Nikiéma and Laprise (2011a, b) established detailed prognostic equations for inter-member variance (\( \partial \sigma^{2}_{IV} /\partial t \)) of various atmospheric variables such as potential temperature and vorticity. They applied these equations to perform diagnostic budget studies to quantify the various dynamical and diabatic contributions to the time variations of IV that took place in an ensemble of 20 simulations of the third-generation Canadian RCM (CRCM3) that differed only in their IC. Results show that the dominant terms responsible for the rapid increases of IV are either the covariance term involving inter-member fluctuations of temperature and diabatic heating, or covariance of inter-member fluctuations acting upon ensemble-mean gradients. By far the dominant term responsible for decreases of IV is that of transport of \( \sigma^{2}_{IV} \) by the ensemble-mean flow out of the domain. Although \( \sigma^{2}_{IV} \) greatly fluctuates in time, there is no long-term trend.
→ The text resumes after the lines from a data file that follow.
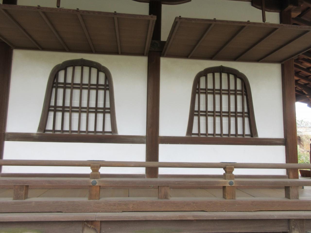 にじり口の内側は三畳台目(茶室用の畳)の本格的な茶室で、遠州好みの八窓(やつまど)の囲い。 -
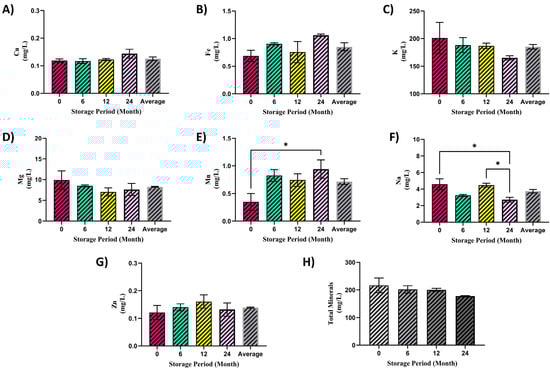 Cu (A), Fe (B), K (C), Mg (D), Mn (E), Na (F), Zn (G), and total mineral (H) of the ultrasound-treated watermelon traditional vinegar sample. Letters atop bars indicate statistically significant differences (ns: no significant; * p < 0.05; (n = 3 ± SD).
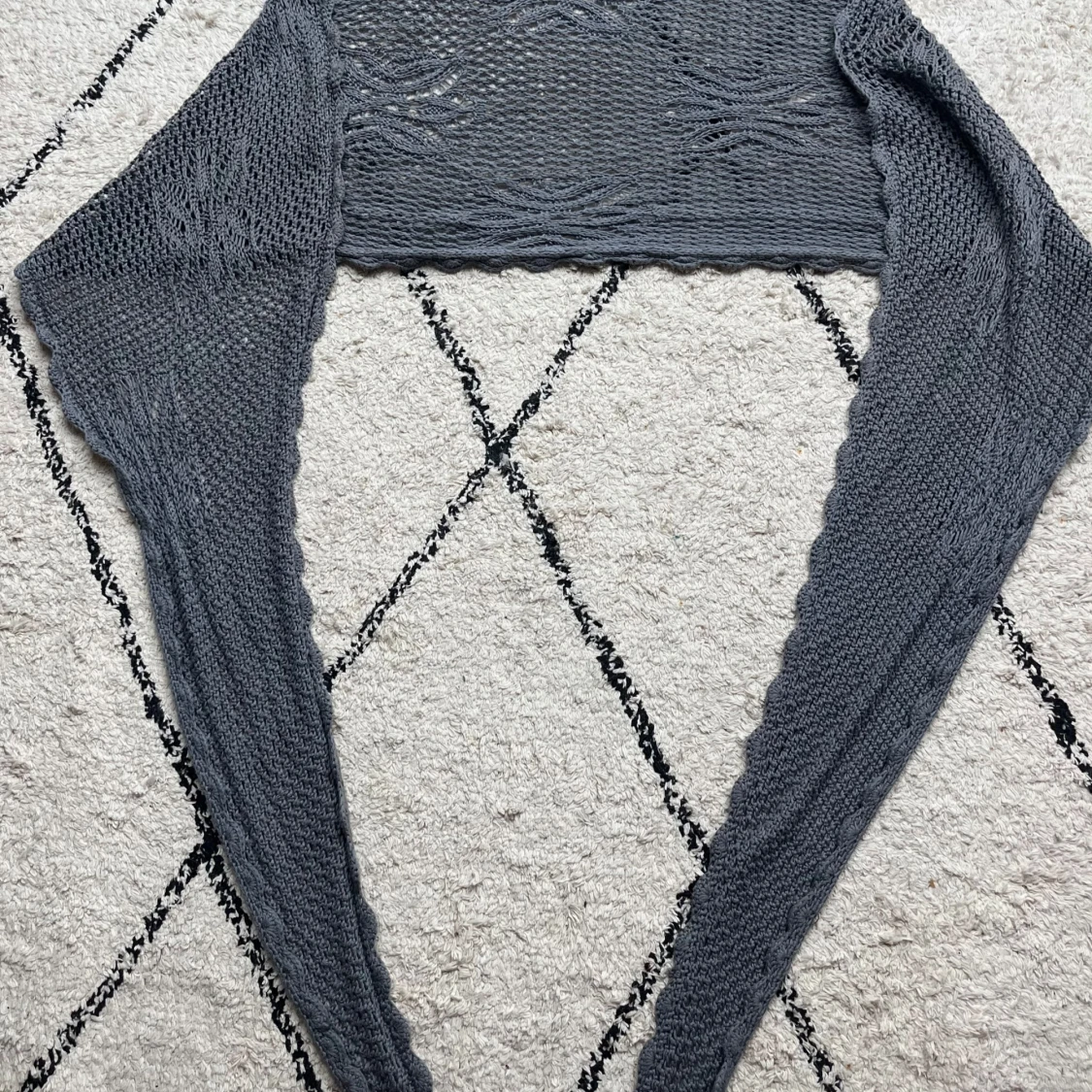 Gråblå virkad sjal från Rabalder. Perfekt att slänga över en topp för extra stil. Mjuk och skön.
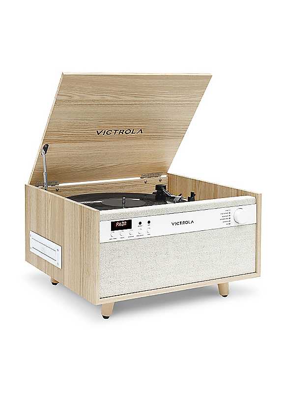The Victrola Century 6-in-1 music centre brings elegant mid-century design to the all-in-one entertainment centre, featuring a 3-speed turntable, CD and cassette players, and Bluetooth® technology.Mid-century modern 6-in-1 music centre features a 3-speed turntable, CD and cassette players, VINYLSTREAM and Bluetooth® connectivity, and a 3.5mm auxiliary input.Built-in stereo speakers provide room-filling soundBluetooth connectivity for streaming music from any Bluetooth-enabled device to the integrated stereo speakersVINYLSTREAMTM output enables wireless vinyl streaming to Bluetooth® speakers and headphonesExpanded connectivity options with aux input and RCA and headphone outputs.Inputs: Bluetooth, AUX, CD, CassetteOutputs: Vinylstream (Bluetooth), Headphone, RCATurntable: 3-Speed belt drive7 Inch Platter (plastic)Fixed counterweightFixed headshellCartridge ITNP-LC1In the box: Victrola century music centre, power adapter, instruction manualDimensions approx. 41.1W x 37.9D x 19.8H cm
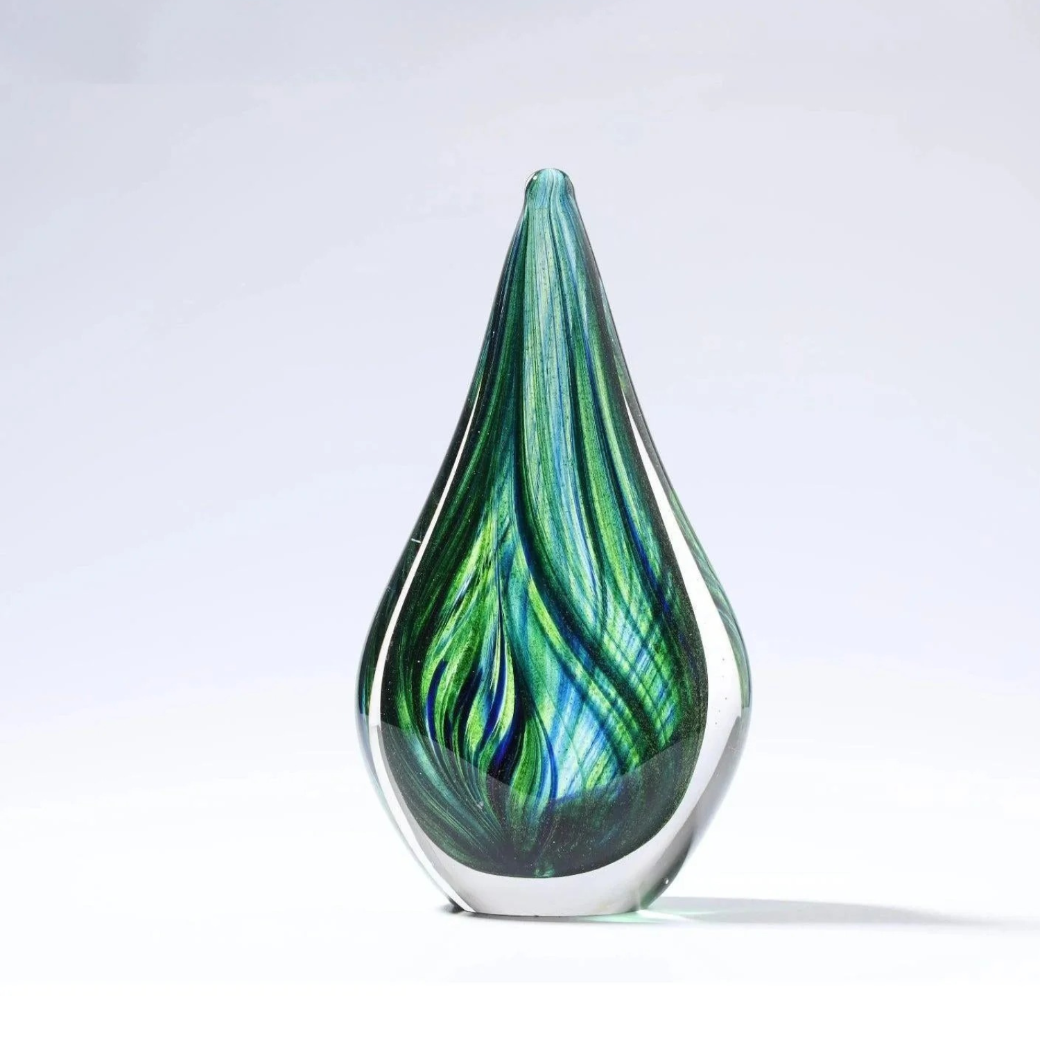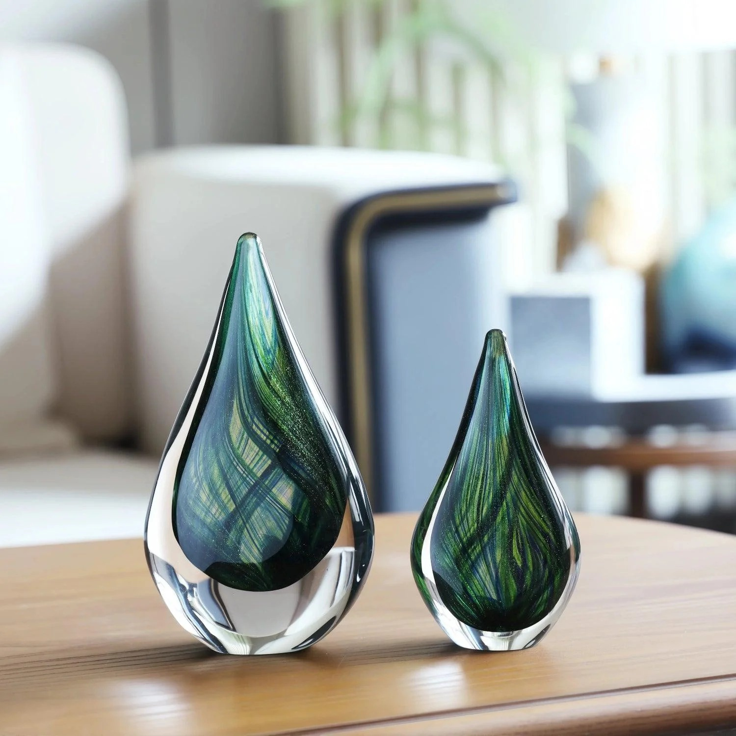 Das 2er Set handgeblasener grüner Glaskuppeln und Dekorationskugeln vereint kunstvolle Handwerkskunst mit zeitloser Eleganz. Jede Kugel ist ein mundgeblasenes Unikat – mit lebendigen Wirbelmustern und sanftem Glanz, der Licht und Farbe harmonisch reflektiert.

In a time-averaged sense, the IV budget equation reduces to a balance between generation and destruction terms. Nikiéma and Laprise (2011b) noted that the dominant terms in the \( {{\partial \sigma^{2}_{IV} } \mathord{\left/ {\vphantom {{\partial \sigma^{2}_{IV} } {\partial t}}} \right. \kern-0pt} {\partial t}} \) equation tend to contribute systematically (either positively or negatively) throughout the troposphere and most of the time. A noteworthy result from these studies is that there appears to be an undeniable parallel between the energetics of IV in ensemble simulations of nested model and the energy conversions taking place in weather systems, with generation of potential energy by diabatic processes such as condensation, convection and radiation, and later conversion to kinetic energy (e.g., Lorenz 1955, 1967). This led the authors to conclude that RCM IV is a natural phenomenon arising from the chaotic nature of the atmosphere, and not a numerical artefact associated, for example, to the nesting technique.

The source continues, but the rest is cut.